Thursday, October 24, 2013

Questions about technology that need to be asked in Joplin, other school districts

A Los Angeles blogger asks some questions about the use of educational technology that make great fodder for thought for those of us in the Joplin R-8 School District and other districts that have taken the plunge into providing laptops or IPads to all students.

Los Angeles, of course, has had the recently publicized problem with the IPads it provided to every high school student. They were purchased primarily because they were needed to take Common Core tests, but they did not have keyboards, necessitating another expense.

The district also paid for the technology out of bond money that had been targeted for building improvements.

And it was embarrassed when word leaked out that the students had already worked their way around the blocks the district had set up to keep them off bad sites.

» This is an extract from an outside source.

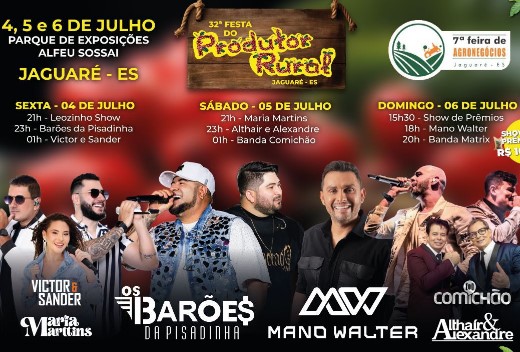 A expectativa é de que a 32ª Festa do Produtor Rural receba milhares de visitantes durante os três dias de programação, consolidando Jaguaré como referência no calendário agrícola e festivo do Espírito Santo.

The blogger, Red Queen in LA asks the following questions:

  • If the ipads stay in the classroom, how is their distribution to be managed in any way efficiently?
  • If in the classroom, is the physical integrity of the building sufficient to ensure everyone’s and everything’s safety?
  • If staying in the classroom, does that forfeit the device’s biggest potential, as substitutes for heavy, expensive, resource-intensive textbooks?
  • If not to stay in the classroom, how will internet access be managed among “not-wired”, very poor or chaotic homes?
  • How are electronics to be harnessed for education alone and not hijacked by its social, interactive component?
  • If not in the classroom, how to reconcile bond construction monies targeted to long-term infrastructure support, with transient instruction delivery tied to non-durable goods?
  • If not in the classroom, how to manage the high turnover (purportedly up to one-third) among students of some high-poverty communities? What is the implication for device-specific instruction? For physical disappearance of the devices?
  • When was the imperative of Common Core testing agreed upon, as it underlies the drive behind implementing the ipad program precipitously?
  • When were teachers presented an honest cost:benefit analysis toward soliciting professional input regarding utility and efficacy in educating their students???
And legions of parents point out, variously:
  • If bond monies are to be so misappropriated, how will the public ever trust a future bond measure to be managed appropriately?
  • What are the future taxpayer and spending implications of an electronics education habit?
  • Why must parents support inefficient duplication of devices within a family?
  • When did the cost of implementing one program get stacked against the hardship of precluding another? Where is the discussion, bidding, testing, evaluating, thinking and scrutinizing of true needs and practices?
  • When did ancillary, support and ongoing upgrade costs get considered as part of the deal? From security to software to obsolescence, the costs of this decision are staggering.
  • When were parents presented an honest cost:benefit analysis toward soliciting parental input regarding utility and efficacy in educating their child???